4. **Using Explore**: Use the context menu or right-click / long-press on a tracked object in the Grid View in Explore to quickly add a trigger based on the tracked object's thumbnail.
5. **Editing triggers**: For the best experience, triggers should be edited via the UI. However, Frigate will ensure triggers edited in the config will be synced with triggers created and edited in the UI.

### Notes

- Triggers rely on the same Jina AI CLIP models (V1 or V2) used for semantic search. Ensure `semantic_search` is enabled and properly configured.
- Reindexing embeddings (via the UI or `reindex: True`) does not affect trigger configurations but may update the embeddings used for matching.
- For optimal performance, use a system with sufficient RAM (8GB minimum, 16GB recommended) and a GPU for `large` model configurations, as described in the Semantic Search requirements.

### FAQ

#### Why can't I create a trigger on thumbnails for some text, like "person with a blue shirt" and have it trigger when a person with a blue shirt is detected?

TL;DR: Text-to-image triggers aren't supported because CLIP can confuse similar images and give inconsistent scores, making automation unreliable. The same word-image pair can give different scores and the score ranges can be too close together to set a clear cutoff.
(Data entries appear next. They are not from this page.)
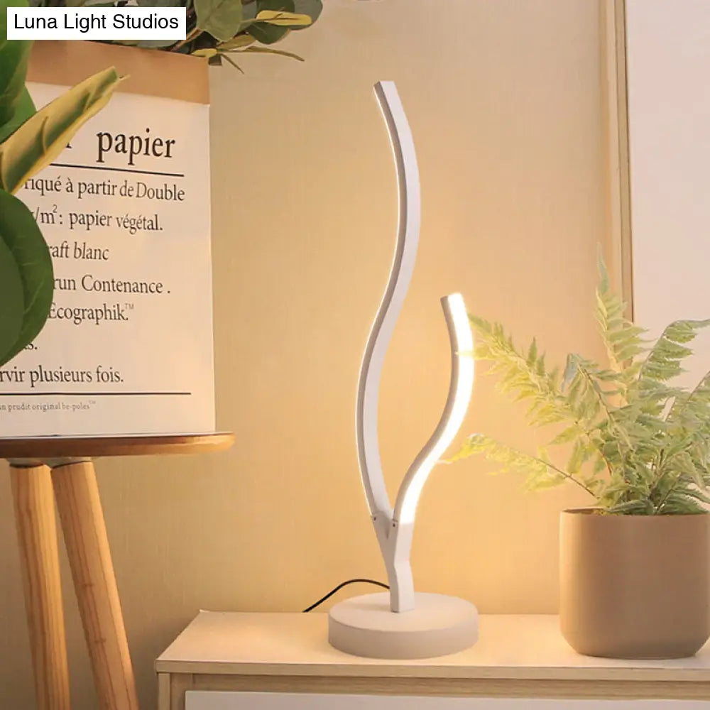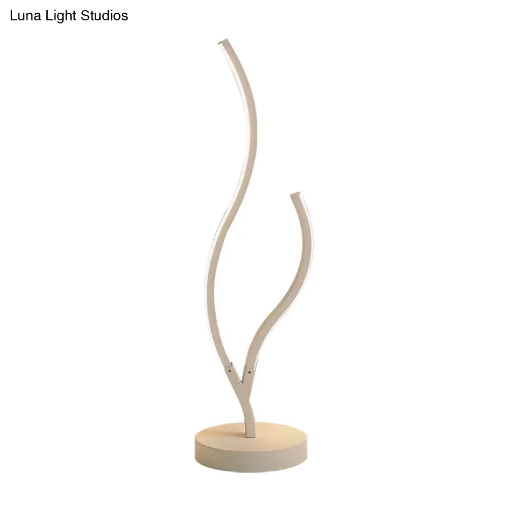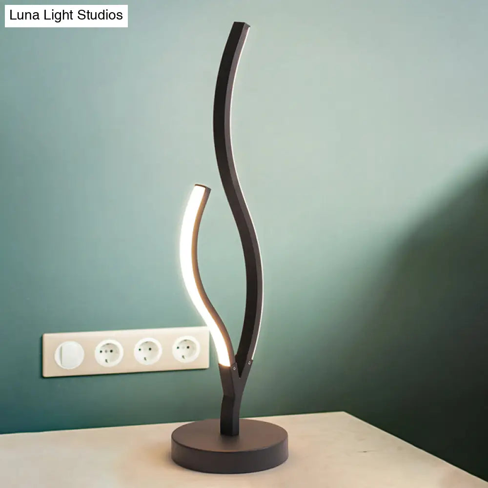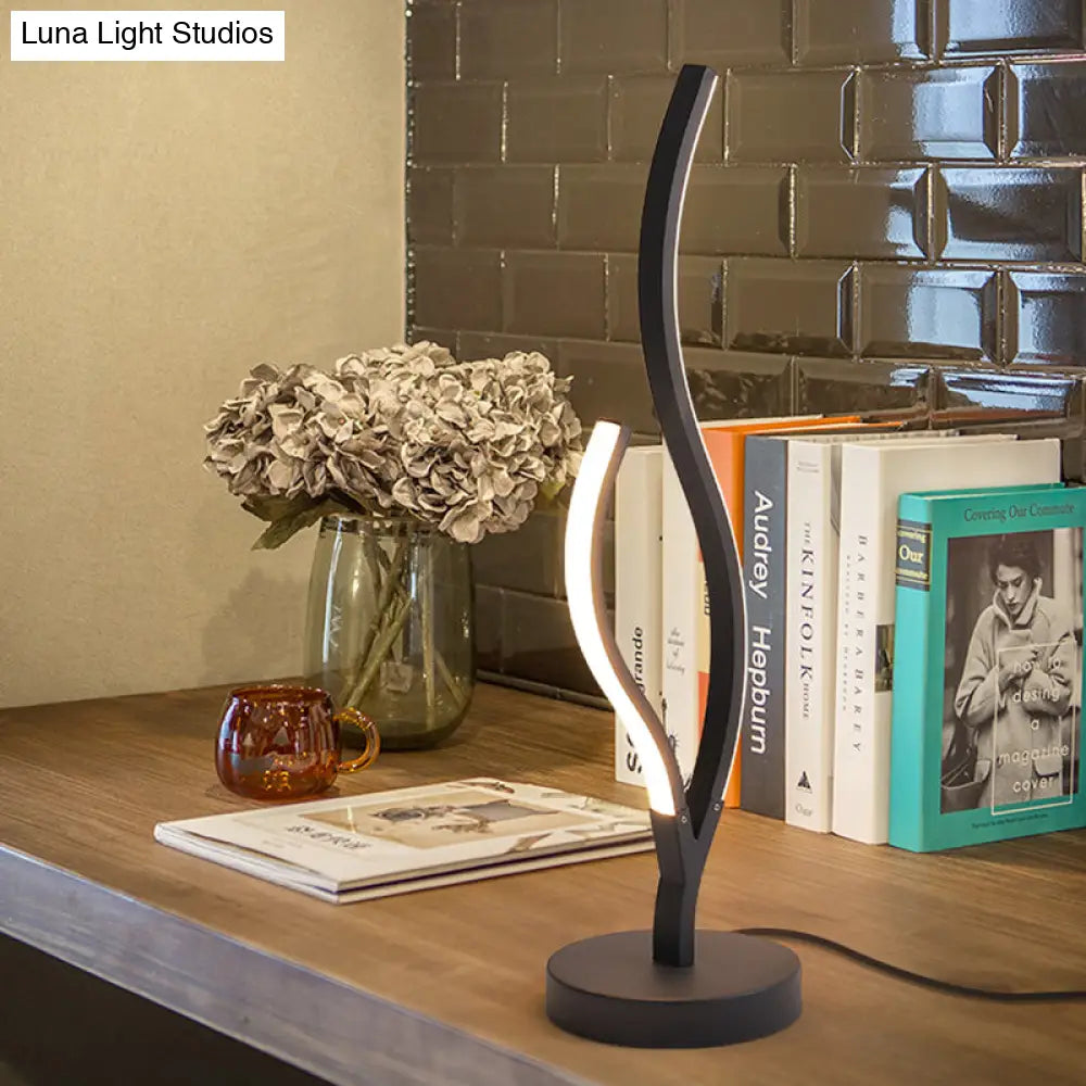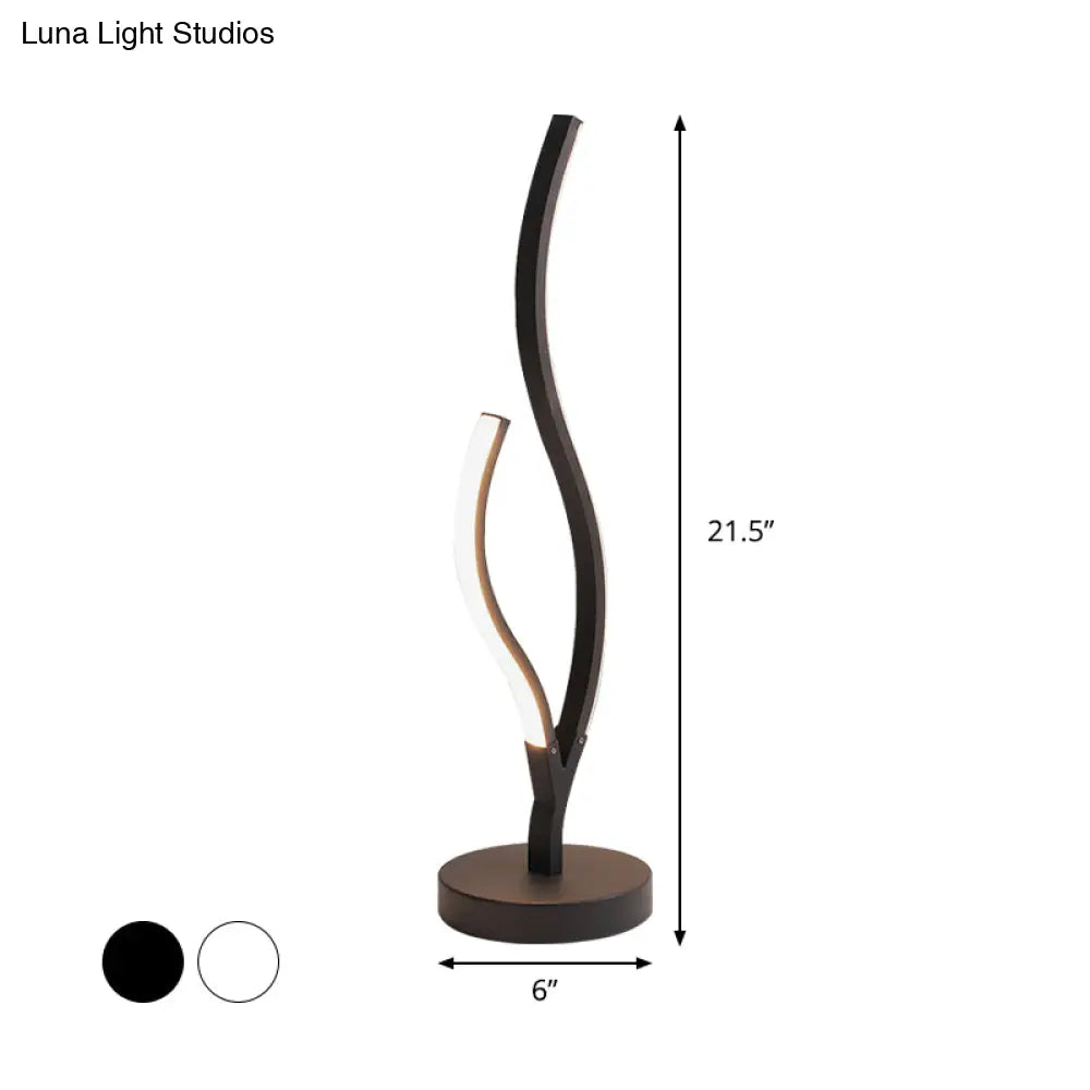 مصباح طاولة جانبي LED من الأكريليك المنحني باللونين الأسود والأبيض مع قاعدة دائرية معدنية - إضاءة أنيقة وبسيطة للمهام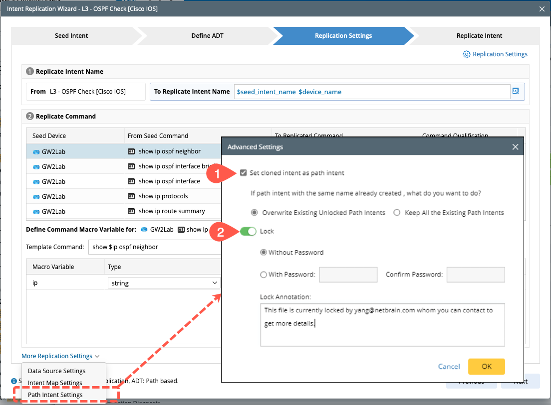 This setting applies to Path based Replication only. In this section, define whether to overwrite the existing path intent if the created path intent has the same name and configure the lock the settings to created path intent as follows: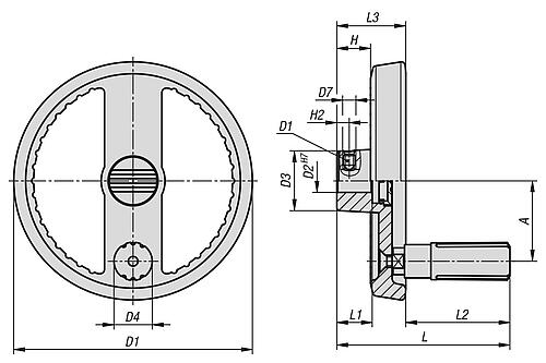 Die Handräder können durch Querverstiftung oder durch eine Zylinderschraube DIN 6912 und einer Vorlegscheibe K0173 axial durch Passfederverbindung auf der Welle befestigt werden.
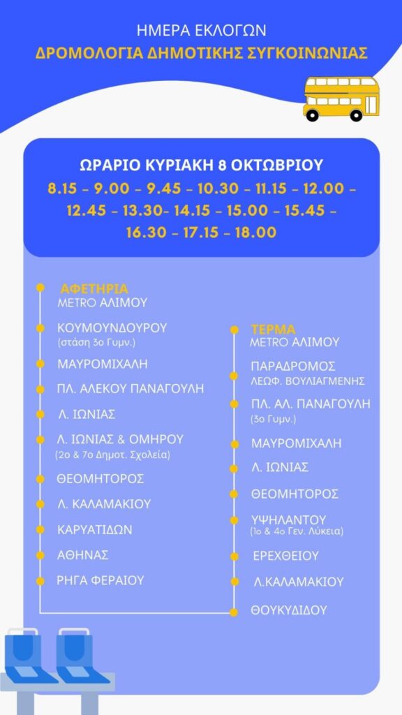 Με σκοπό τη διευκόλυνση των πολιτών στη μετακίνησή τους από και προς τα εκλογικά κέντρα την Κυριακή των εκλογών (8 Οκτωβρίου), η Δημοτική Συγκοινωνία Αλίμου θα λειτουργήσει εκτάκτως, με το δρομολόγιο και το ωράριο που φαίνεται παρακάτω στη φωτογραφία.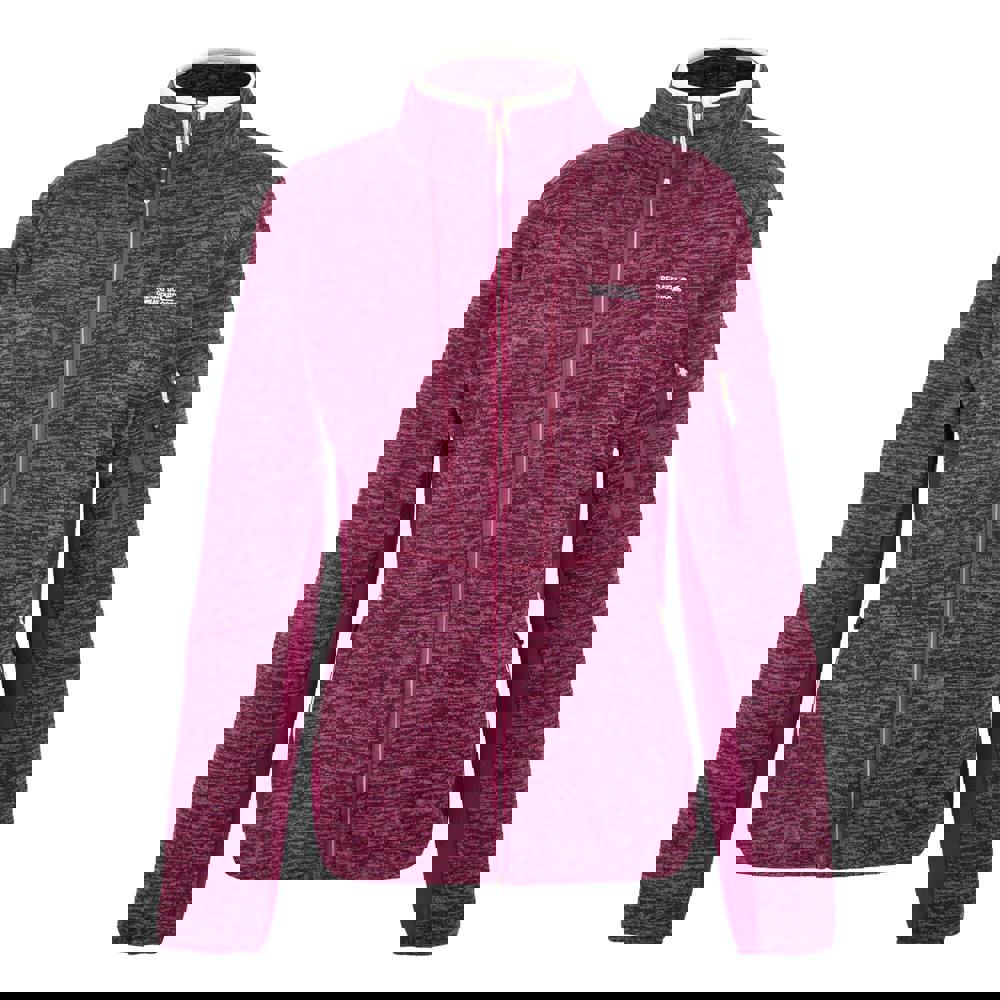This women’s Ralina fleece jacket from Regatta comes in Beaujolais/Light Vanilla with a logo design and a knit-effect finish. Made from a blend of elastane, polyester and viscose, it uses Extol Stretch fleece with a 240gsm weight and flexible fabric technology. A standing collar and long sleeves create a clean, practical shape for everyday wear.

Text-to-image triggers are not supported due to fundamental limitations of CLIP-based similarity search. While CLIP works well for exploratory, manual queries, it is unreliable for automated triggers based on a threshold. Issues include embedding drift (the same text-image pair can yield different cosine distances over time), lack of true semantic grounding (visually similar but incorrect matches), and unstable thresholding (distance distributions are dataset-dependent and often too tightly clustered to separate relevant from irrelevant results). Instead, it is recommended to set up a workflow with thumbnail triggers: first use text search to manually select 3-5 representative reference tracked objects, then configure thumbnail triggers based on that visual similarity. This provides robust automation without the semantic ambiguity of text to image matching.